**TASK INSTRUCTIONS**
Look below for the line containing "股市同步上扬,MSCI新兴市"; from there through the line containing "最后一个是subtract,也就是差集,就是属于A不属于", both lines included, please set down each line exactly and nothing else.

**GIVEN RECORDS**
○ ○ ○
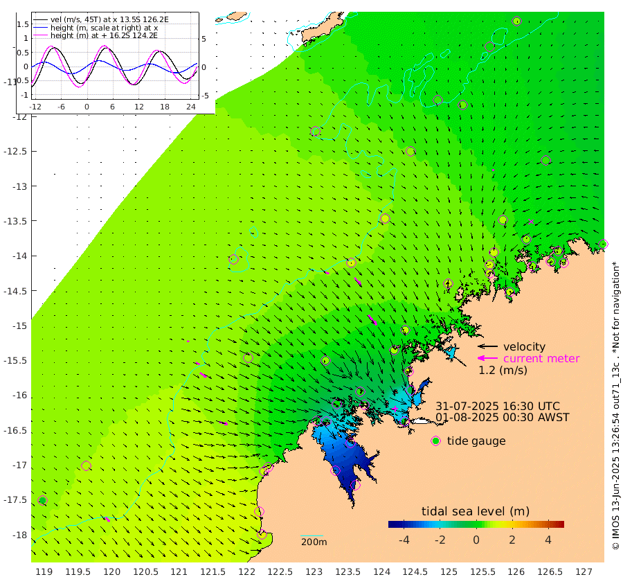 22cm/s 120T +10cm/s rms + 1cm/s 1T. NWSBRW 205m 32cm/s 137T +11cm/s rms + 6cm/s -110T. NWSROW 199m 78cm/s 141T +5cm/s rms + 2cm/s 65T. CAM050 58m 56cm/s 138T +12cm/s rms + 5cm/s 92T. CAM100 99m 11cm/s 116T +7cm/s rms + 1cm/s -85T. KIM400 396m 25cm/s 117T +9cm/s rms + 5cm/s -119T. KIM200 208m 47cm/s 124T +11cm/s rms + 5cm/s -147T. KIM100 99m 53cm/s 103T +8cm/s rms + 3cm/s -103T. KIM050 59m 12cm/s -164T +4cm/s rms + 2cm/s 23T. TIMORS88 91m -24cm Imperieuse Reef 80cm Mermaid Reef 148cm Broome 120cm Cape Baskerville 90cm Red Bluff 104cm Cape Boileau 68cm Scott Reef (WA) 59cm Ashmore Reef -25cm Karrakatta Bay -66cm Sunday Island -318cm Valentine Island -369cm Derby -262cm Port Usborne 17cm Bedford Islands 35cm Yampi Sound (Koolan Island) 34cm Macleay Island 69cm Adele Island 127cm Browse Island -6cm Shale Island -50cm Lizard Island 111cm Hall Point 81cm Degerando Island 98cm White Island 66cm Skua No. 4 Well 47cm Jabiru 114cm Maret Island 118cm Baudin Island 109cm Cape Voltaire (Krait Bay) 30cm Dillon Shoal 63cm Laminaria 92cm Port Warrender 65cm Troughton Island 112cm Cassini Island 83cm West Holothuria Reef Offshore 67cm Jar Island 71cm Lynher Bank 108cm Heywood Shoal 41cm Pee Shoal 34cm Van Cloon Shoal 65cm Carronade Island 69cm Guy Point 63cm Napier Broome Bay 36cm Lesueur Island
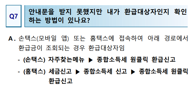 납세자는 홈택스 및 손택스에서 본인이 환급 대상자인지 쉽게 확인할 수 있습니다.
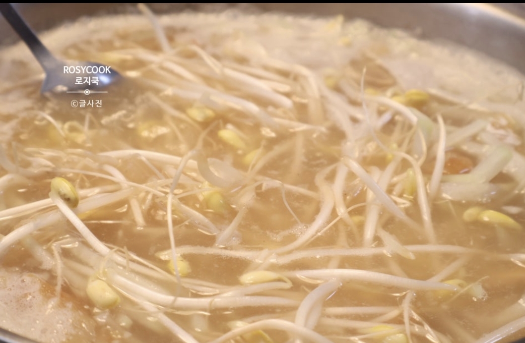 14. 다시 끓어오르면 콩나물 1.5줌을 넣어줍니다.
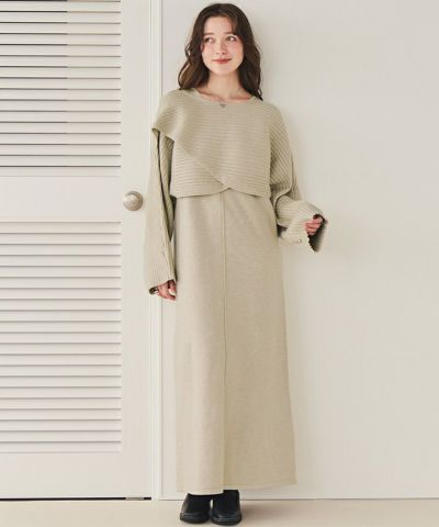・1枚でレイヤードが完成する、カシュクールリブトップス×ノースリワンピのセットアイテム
○ ○ ○
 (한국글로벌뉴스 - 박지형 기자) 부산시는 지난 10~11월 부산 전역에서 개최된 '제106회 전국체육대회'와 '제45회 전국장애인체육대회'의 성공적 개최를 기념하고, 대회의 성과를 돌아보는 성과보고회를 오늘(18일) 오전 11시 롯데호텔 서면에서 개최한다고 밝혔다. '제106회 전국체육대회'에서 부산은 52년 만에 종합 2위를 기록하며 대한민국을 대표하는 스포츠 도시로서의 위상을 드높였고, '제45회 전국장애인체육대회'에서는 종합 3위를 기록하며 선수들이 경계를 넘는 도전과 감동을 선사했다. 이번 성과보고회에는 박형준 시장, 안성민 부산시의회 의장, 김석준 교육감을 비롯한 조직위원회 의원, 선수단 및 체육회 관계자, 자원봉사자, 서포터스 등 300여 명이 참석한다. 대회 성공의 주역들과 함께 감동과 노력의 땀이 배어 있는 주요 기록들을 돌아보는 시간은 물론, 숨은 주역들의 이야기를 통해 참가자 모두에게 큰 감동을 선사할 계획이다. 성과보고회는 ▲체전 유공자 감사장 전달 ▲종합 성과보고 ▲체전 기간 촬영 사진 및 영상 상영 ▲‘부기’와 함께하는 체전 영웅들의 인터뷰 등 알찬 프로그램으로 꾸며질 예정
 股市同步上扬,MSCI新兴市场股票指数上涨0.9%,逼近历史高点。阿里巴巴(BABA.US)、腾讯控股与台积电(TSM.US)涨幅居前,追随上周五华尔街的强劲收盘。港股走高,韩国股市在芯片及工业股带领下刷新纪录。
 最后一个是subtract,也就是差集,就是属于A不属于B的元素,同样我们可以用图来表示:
○ ○ ○
**WRITTEN RESPONSE**
 股市同步上扬,MSCI新兴市场股票指数上涨0.9%,逼近历史高点。阿里巴巴(BABA.US)、腾讯控股与台积电(TSM.US)涨幅居前,追随上周五华尔街的强劲收盘。港股走高,韩国股市在芯片及工业股带领下刷新纪录。
 最后一个是subtract,也就是差集,就是属于A不属于B的元素,同样我们可以用图来表示:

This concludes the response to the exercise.